An example will explain it. Supose a database with electoral results, and what whe need is a query of the type Give me the sum of votes per party and and per electoral district .In SQL this is a very simple query, like
select partido_id,provincia,sum(votes_presential)
from votos_locales
group by partido_id,provincia
and gives results in the form
"993" "12" "2134"
"993" "46" "7101"
"993" "47" "1570"
"1033" "23" "1188"
"1070" "24" "1027"
"1079" "01" "10468"
"1079" "02" "33676"
"1079" "03" "154037"
"1079" "04" "44320"
"1079" "05" "15892"
"1079" "06" "45252"
"1079" "07" "71446"
....
While all the info is there, it's clear that an analyst is better server if data could be shown in an array format (parties as rows, electoral districts as columns) and with some additional info, more or less like
C's EH Bildu EAJ-PNV PP PSOE PODEMOS GBAI CCa-PNC IU-UPeC ...

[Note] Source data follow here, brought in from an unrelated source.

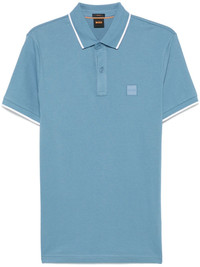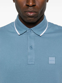 logo-patch polo shirt Highlights - Steel blue - Short front button fastening - Polo collar - Short sleeves - Contrasting trim Imported Composition Cotton 95%, Elastane 5% SIZE & FIT Model measurements Height 6 ft 0 in(1.84 m) Bust/Chest 35.82 in(91 cm) Hips 37 in(94 cm) Waist 28.34 in(72 cm) Measurement CHEST 38.58 in(98 cm) LENGTH 27.16 in(69 cm) SLEEVE LENGTH 9.05 in(23 cm) FittingInformation Designed for a regular fit, this polo shirt offers a comfortable loose fit throughout the body Made from a midweight stretch fabric, this piece offers elasticity and flexibility when worn Washing instructions Machine Wash
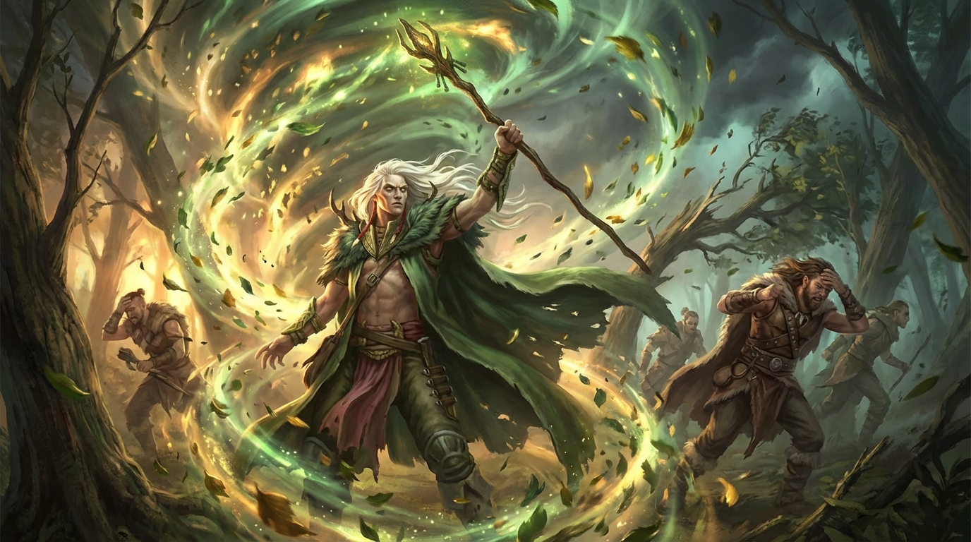 Crengi groase se rupeau cu trosnet și zburau prin aer ca niște sulițe. Praful se ridica în nori groși, orbitor, sufocant. Și prin tot acest haos, Scamadrius stătea nemișcat în centru, toiagul ridicat, ochii strălucind cu o lumină verde, nenaturală.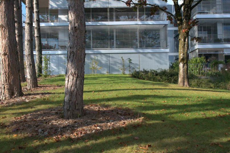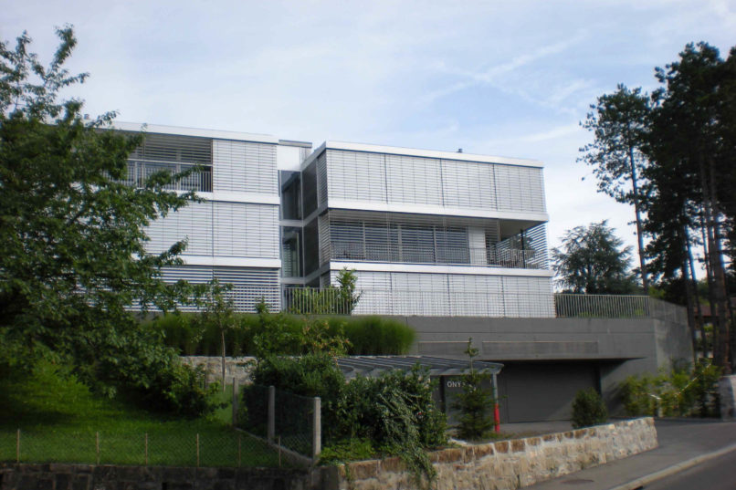 Construction de deux immeubles résidentiels (bât. B & C) et d’un parking souterrain de 28 places. Diminution de l’emprise du parking souterrain et redéfinition des aménagements extérieurs. Installation d’une pompe à chaleur par sondes géothermiques verticales, remplacement des fenêtres et création de 3 vélux.

Grand Total 3,500,541 218,467 301,585 7,215,752 5,530,779 3,182,082 30,554 81,750 923,133
Araba/Álava 10,468 21,179 28,297 33,609 25,293 48,265 6,794
Albacete 33,676 85,152 65,074 32,155 9,277
Alicante/Alacant 154,037 296,709 188,367 33,293
Almería 44,320 117,407 89,022 39,482 10,776
Ávila 15,892 46,963 20,129 11,863 3,878
Badajoz 45,252 137,501 148,347 47,203 12,281
Balears, Illes 71,446 140,542 88,542 111,416 11,434
Barcelona 386,143 321,268 463,612
Burgos 33,373 81,780 44,488 36,612 10,099
Cáceres 28,293 87,729 84,532 34,552 7,216
Cádiz 94,707 179,054 180,667 130,215 38,798
Castellón/Castelló 48,220 98,341 66,450 9,565
...
Sadly, this is usually NOT available in most data query programs. Some DB products (fi. Oracle and MSSQL) offer their own private means of generate such queries, but they're not always available in general tools. MS Access cross reference queries or Pivot Tables available in several spreadsheet programs, DO offer this functionality,I've seen quite a few more than interesting.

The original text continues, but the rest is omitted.